OA Data Migration to Spot 1.0

This document is intended for any developer or sysadmin who wants to migrate their existing OA data to Spot 1.0. In previous Spot releases, OA data was stored in CSV files in a given location in the server used for OA (specified in spot.conf during original installation). In Spot 1.0, OA data is stored in Impala tables. The purposes of these scripts are to migrate independently each use case (flow, proxy and dns) from those CSV files into the new Impala tables.

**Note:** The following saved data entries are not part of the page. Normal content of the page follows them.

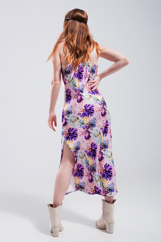 Vestido de tirantes con estampado floral variado de satén morado
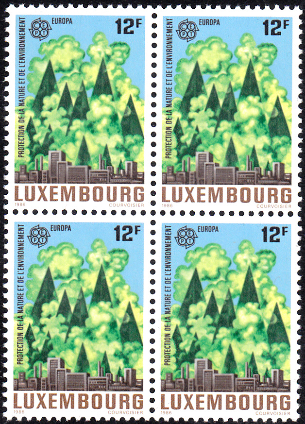 In Luxemburg erschienen die Europamarken 1986 zum Gemeinschaftsthema "Natur- und Umweltschutz" am 5. Mai 1986 in einer Auflage von 1 000 000 Sätzen. Hier ein Viererblock der Marke zu 12 Fr mit der Darstellung "Wald und Stadt".
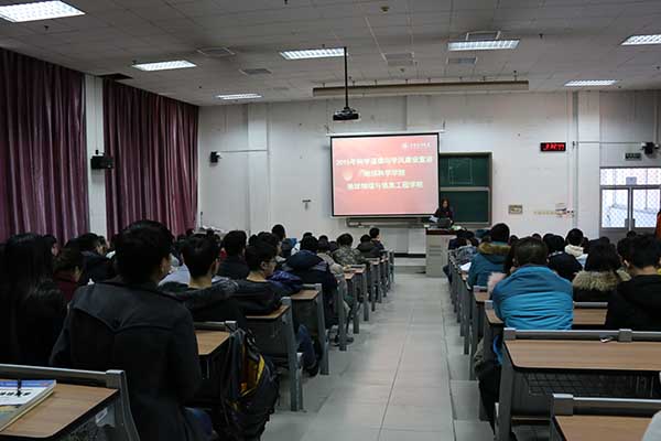 12月5日下午,由石大地球科学学院和地球物理与信息工程学院联合开展的研究生学风与学术道德宣讲活动在地质楼新1教室举行,地球物理与信息学院教授李景叶、青年教师谢豪、地球科学学院青年教师赖锦、2016年李四光优秀研究生奖获得者甘叔玮应邀为两院研究生做报告。
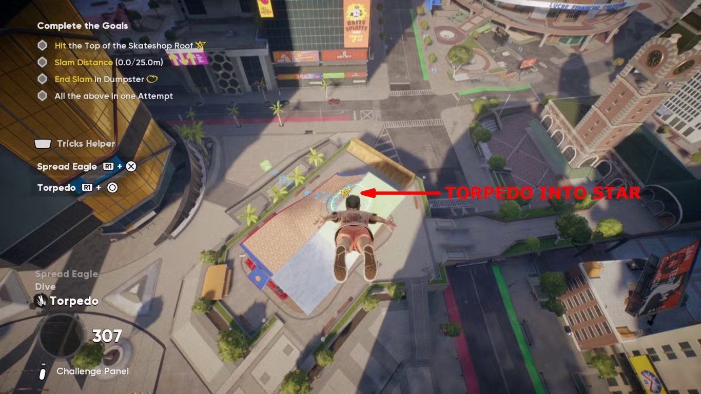 أثناء وجود المتزلج في الهواء، ينبغي الدخول فورا في وضعية Spread Eagle، ثم توجيه دائرة الاصطدام الزرقاء والصفراء بحيث تتمركز بدقة حول النجمة الموجودة أعلى سطح متجر التزلج. يعد تمركز دائرة الاصطدام في هذا الموضع خطوة حاسمة، لأنه يحدد زاوية الاصطدام وقوة الارتداد الناتجة عنه.
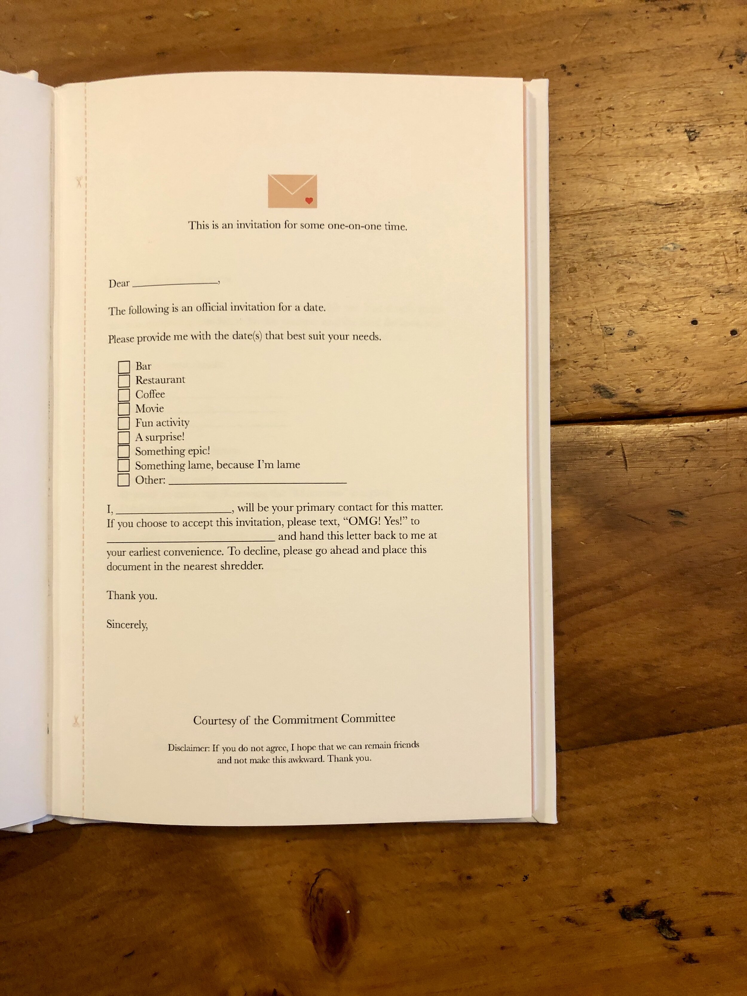 Ever wanted to ask someone on a date in person, but the fear of rejection was too much to handle? Or wanted your significant other to agree to a night out, but they’re always busy and brushing you off? It’s nerve-racking! That’s why we created Commitment Contracts, professionally written letters that ask someone a question so you don’t have to.

This migration process is optional and only for those users who want to keep usable their OA data (scores, edges, chords, dendros, ingest summaries, storyboards, threat investigations and timelines) generated in the previous Spot version.

Requirements

  • You must run first new Spot setup installation to have the new tables created in Impala.
  • You must log in to the OA server and run these scripts from there.
  • You must run these scripts from the spot-setup/migration folder in the new Spot 1.0 location

CSV to Impala Tables Mapping

Flow

CSV FileImpala Table
flow_scores.csvflow_scores
chord-*.tsvflow_chords
edge-*.tsvflow_edge
is_*.csvflow_ingest_summary
threats.csvflow_storyboard
flow_scores.csv (only scored values)flow_threat_investigation
sbdet-*.tsvflow_timeline

DNS

CSV FileImpala Table
flow_scores.csvdns_scores
edge-*.csvdns_edge
dendro-*.csvdns_dendro
threat-dendro-*.csvdns_threat_dendro
is_*.csvdns_ingest_summary
threats.csvdns_storyboard
dns_scores.csv (only scored values)dns_threat_investigation

Proxy

CSV FileImpala Table
edge-*.csvproxy_edge
is_*.csvproxy_ingest_summary
proxy_scores.csvproxy_scores
threats.csvproxy_storyboard
proxy_scores.csv (only scored values)proxy_threat_investigation
timeline-*.csvproxy_timeline

Data Flow

There is a launch and single script that will migrate all specified pipelines. This process will read each of the CSV from the existing location and import data to Impala tables accordingly, creating first a staging database and tables to load the records in the CSV and then insert that data into the new Spot 1.0 tables. You must execute this migration process from the server where old Spot release is located. You may provide one pipeline or all (flow, dns and proxy) according to your needs and your existing data. At the end of each script, the old data pipeline folder will be moved from the original location to a backup folder. Staging tables and their respective HDFS paths will be removed.

Execution

./migrate_to_spot_1_0.py PIPELINES OLD_OA_PATH STAGING_DB_NAME STAGING_DB_HDFS_PATH NEW_SPOT_IMPALA_DB IMPALA_DAEMON

where variables mean:

  • PIPELINES - Comma-separated list of the pipelines to be migrated
  • OLD_OA_PATH - Path to the old Spot-OA release directory in the local filesystem
  • STAGING_DB_NAME - Name of the staging database to be created to temporarily store these records
  • STAGING_DB_HDFS_PATH - HDFS path of the staging database to be created to temporarily store these records
  • NEW_SPOT_IMPALA_DB - Database name of the Spot 1.0 Impala tables. Use the same as in the spot.conf when the new Spot release was installed
  • IMPALA_DAEMON - Choose an Impala daemon to be used to run scripts' queries.

Example:

./migrate_to_spot_1_0.py 'flow,dns,proxy' '/home/spotuser/incubator-spot_old/spot-oa' 'spot_migration' '/user/spotuser/spot_migration/' 'migrated' 'node01'